Sportler aus Ebermannstadt, Würzburg, Roth und Hof wollten sich in den USA beim Marathon in Boston einen Traum erfüllen. Am Ende war es ein Alptraum: Chaos, Tote und Verletzte.
Elfeinhalb Jahre nach den Terroranschlägen vom 11. September 2001 erleben die USA das Trauma ein zweites Mal: Beim Boston-Marathon explodierten am Montag zwei Bomben. Mindestens drei Menschen starben, von den 176 Verletzten schweben viele in Lebensgefahr. Wer hinter dem Anschlag steckt, war am Dienstag noch unklar. US-Präsident Barack Obama sprach aber ausdrücklich von einem Terrorakt.
Unter den 26 000 Startern waren nach Recherchen dieser Zeitung mindestens vier Läufer aus Franken. Sie blieben unverletzt.
Lebenszeichen über Facebook
Der 49-jährige Augenoptiker Steffen Füller aus Würzburg, der mit der Startnummer 26.440 in Boston antrat und sich damit den Traum erfüllte, beim traditionsreichsten Stadtmarathon der Welt dabei zu sein, hatte es nach dreieinhalb Stunden über die Ziellinie geschafft.
"Zehn Minuten später gingen die Bomben hoch", berichtet der Unterfranke auf seiner Facebook-Seite und beruhigt seine Freunde und Bekannten: Er sei unverletzt, abgesehen vom Schock über die Ereignisse und dem Chaos in der Stadt gehe es ihm gut.
Füller kann ebenso wenig wie die anderen deutschen Teilnehmer beim Boston-Marathon absehen, wann er die Heimreise antreten kann. Unmittelbar nach dem Anschlag waren der Flughafen der Großstadt an der Ostküste der USA gesperrt und die Handynetze abgeschaltet worden, um zu verhindern, dass möglicherweise weitere Sprengsätze per Funk gezündet werden.
Unmittelbar vor der Ziellinie waren am Sonntag zwei Bomben explodiert.
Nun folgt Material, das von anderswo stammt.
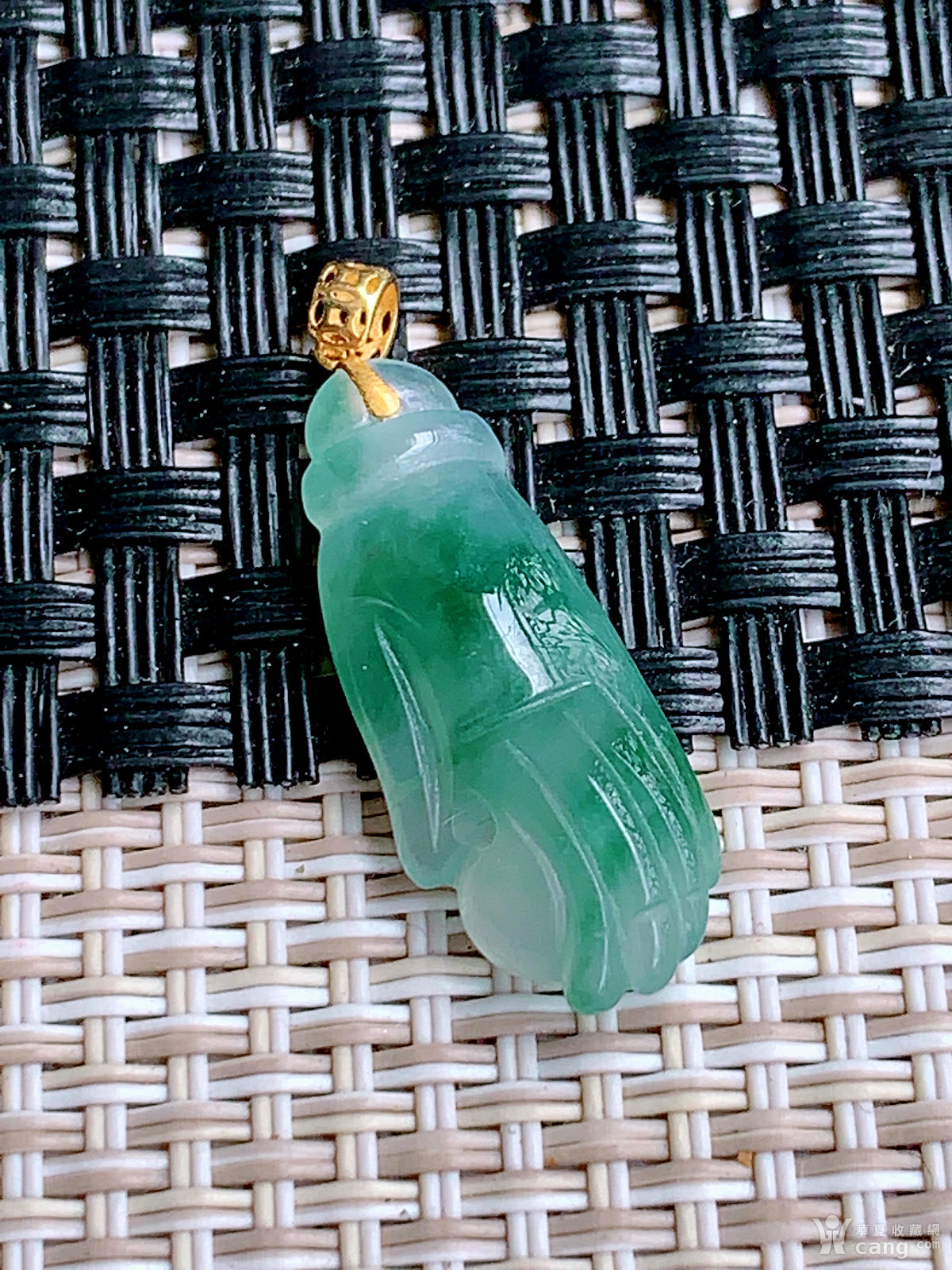 缅甸天然翡翠A货18k金扣冰透水润掌上明珠吊坠
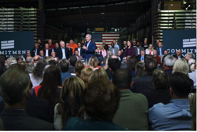 Lãnh đạo đảng Cộng hòa tại Hạ viện Mỹ Kevin McCarthy, trong chuyến thăm tới thành phố Monongahela vào hôm 23/9, đã công bố khẩu hiệu và chương trình nghị sự của đảng Cộng hòa trong cuộc bầu cử giữa nhiệm kỳ 2022. Ảnh: AP.
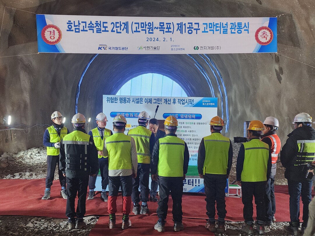 [하비엔뉴스 = 박정수 기자] 국가철도공단 호남본부는 지난 1일 ‘호남고속철도 2단계 건설사업’을 통해 전남 함평군 학교면 고막리 일원을 통과하는 고막터널을 관통했다고 2일 밝혔다.

Die Sprengsätze wirkten verheerend in der dichten Zuschauertraube vor dem Ziel, waren aber nach ersten Einschätzungen von US-Sicherheitsexperten "nicht sehr fachmännisch gebaut". Spekulationen, dass El Kaida oder eine andere radikalislamische Terrorgruppe wie am 11. September 2001 hinter den Anschlägen stecken könnte, wurden sofort nach dem Attentat laut. Bisher gibt es aber weder ein Bekennerschreiben noch andere Hinweise, die auf Täter aus diesem Kreis schließen lassen könnten. "Es gibt in den USA zahlreiche gewaltbereite Gruppen, und zwar beileibe nicht nur aus dem radikalislamischen Spektrum", sagte ein Terrorexperte in Washington am Dienstag im US-Fernsehen.
Bei allem Entsetzen über die Bluttat beruhigt aus deutscher Sicht die Tatsache ein wenig, dass keiner der 247 Starter aus der Bundesrepublik unter den Toten und Verletzten ist. Auch die drei anderen fränkischen Marathonläufer, die unsere Redaktion in der Liste der Starter und Finisher entdeckt hat, sind wohlauf, haben sich in der Heimat gemeldet: Aus Ebermannstadt ging der 47-jährige Konrad Schlebusch an den Start. Er war nach 3:58 Stunden im Ziel.
"Ich bin wohlauf"
Der Arzt Hans-Detlev Harich (54) aus Hof konnte sich nach dem Lauf telefonisch bei Familie und Arbeitskollegen melden. Er sei wohlauf, berichtet eine Mitarbeiterin in seiner Praxis. Sein Name findet sich nicht in der Ergebnisliste - wohl eine Folge des Chaos' nach dem Anschlag. Dirk Eckhardt (45) aus Roth schaffte die 42,2 Kilometer lange Strecke in 2:55 Stunden.
Weniger der eigene Erfolg als vielmehr das Entsetzen über das Geschehen und die Trauer mit den Opfern und Hinterbliebenen beherrschen die Reaktionen der Läufer. Die Startplätze beim Boston-Marathon, der seit 1897 ausgetragen wird, sind so begehrt, dass die Teilnehmer anspruchsvolle Qualifikationszeiten nachweisen müssen. Die Chance dafür besteht bei den großen Laufveranstaltungen in Deutschland, etwa in Hamburg, Frankfurt, Köln und Berlin. Die Veranstalter dieser Läufe reagieren entsetzt auf die Vorfälle in Boston.
Der SCC Berlin hat angekündigt, das Sicherheitskonzept für den 40. Berlin-Marathon (29. September) mit mehr als 40.000 Startern und bis zu 1,5 Millionen Zuschauern überarbeiten zu wollen.